* Exercise directions
Only the pictures are to be left out; return the rest of the data exactly as it stands.

* Information provided
──────────────────────────────

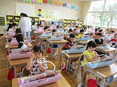 帰りの用意がすっかり済んで待っています。
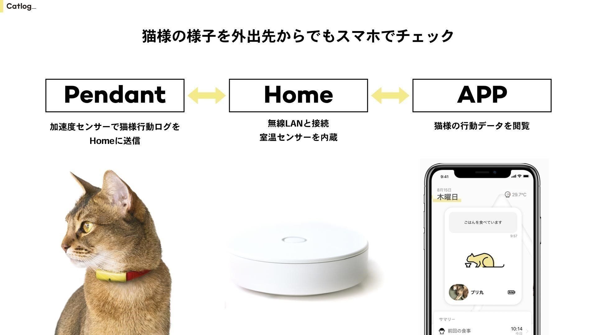 Pendantに内蔵された加速度センサーで猫様の行動ログを取得、Homeは無線LANと接続し、Pendantからのデータを受け取りサーバーへ転送。飼い主さんは、スマホアプリで猫様の行動を見ることができます。
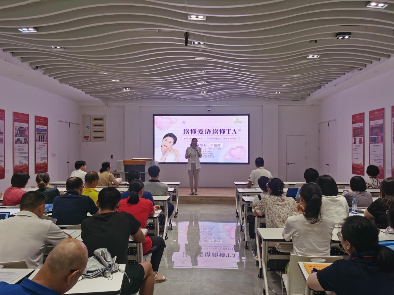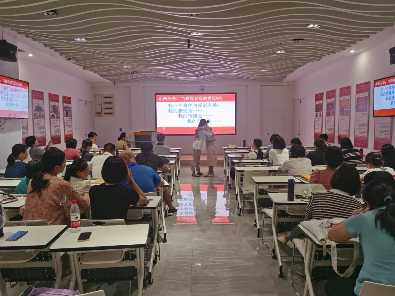 課上,李榕輝老師從教師心理健康出發(fā),結(jié)合生動的案例和自身經(jīng)歷,介紹家庭親子溝通的重要性、意義和途徑,重點(diǎn)闡述了肯定的言詞、精心的時刻、接受禮物、服務(wù)的行動和身體的接觸等“愛的五種語言”,以及具體表達(dá)方式。現(xiàn)場氣氛活躍,李榕輝開展多次互動游戲、測試、冥想母愛之光等活動,有效教師們打開良好溝通之門,提高與家人溝通的質(zhì)量。老師們紛紛表示,培訓(xùn)課氛圍感好,實(shí)用性強(qiáng),工作離不開家庭,離不開良好的親子關(guān)系,從培訓(xùn)課中學(xué)會了實(shí)用親子表達(dá)溝通的方式和技巧。
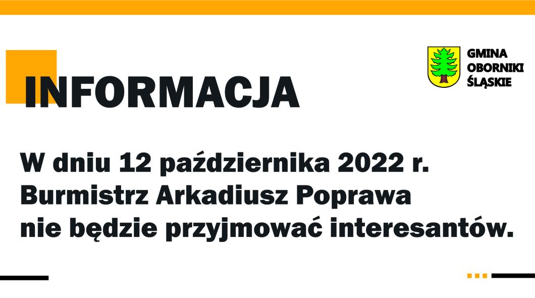infomujemy, że Burmistrz Obornik Śląskich Arkadiusz Poprawa w dniu 12 października 2022 r. nie będzie przyjmować interesantów.

──────────────────────────────

* Answer box
 帰りの用意がすっかり済んで待っています。
 Pendantに内蔵された加速度センサーで猫様の行動ログを取得、Homeは無線LANと接続し、Pendantからのデータを受け取りサーバーへ転送。飼い主さんは、スマホアプリで猫様の行動を見ることができます。
 課上,李榕輝老師從教師心理健康出發(fā),結(jié)合生動的案例和自身經(jīng)歷,介紹家庭親子溝通的重要性、意義和途徑,重點(diǎn)闡述了肯定的言詞、精心的時刻、接受禮物、服務(wù)的行動和身體的接觸等“愛的五種語言”,以及具體表達(dá)方式。現(xiàn)場氣氛活躍,李榕輝開展多次互動游戲、測試、冥想母愛之光等活動,有效教師們打開良好溝通之門,提高與家人溝通的質(zhì)量。老師們紛紛表示,培訓(xùn)課氛圍感好,實(shí)用性強(qiáng),工作離不開家庭,離不開良好的親子關(guān)系,從培訓(xùn)課中學(xué)會了實(shí)用親子表達(dá)溝通的方式和技巧。
infomujemy, że Burmistrz Obornik Śląskich Arkadiusz Poprawa w dniu 12 października 2022 r. nie będzie przyjmować interesantów.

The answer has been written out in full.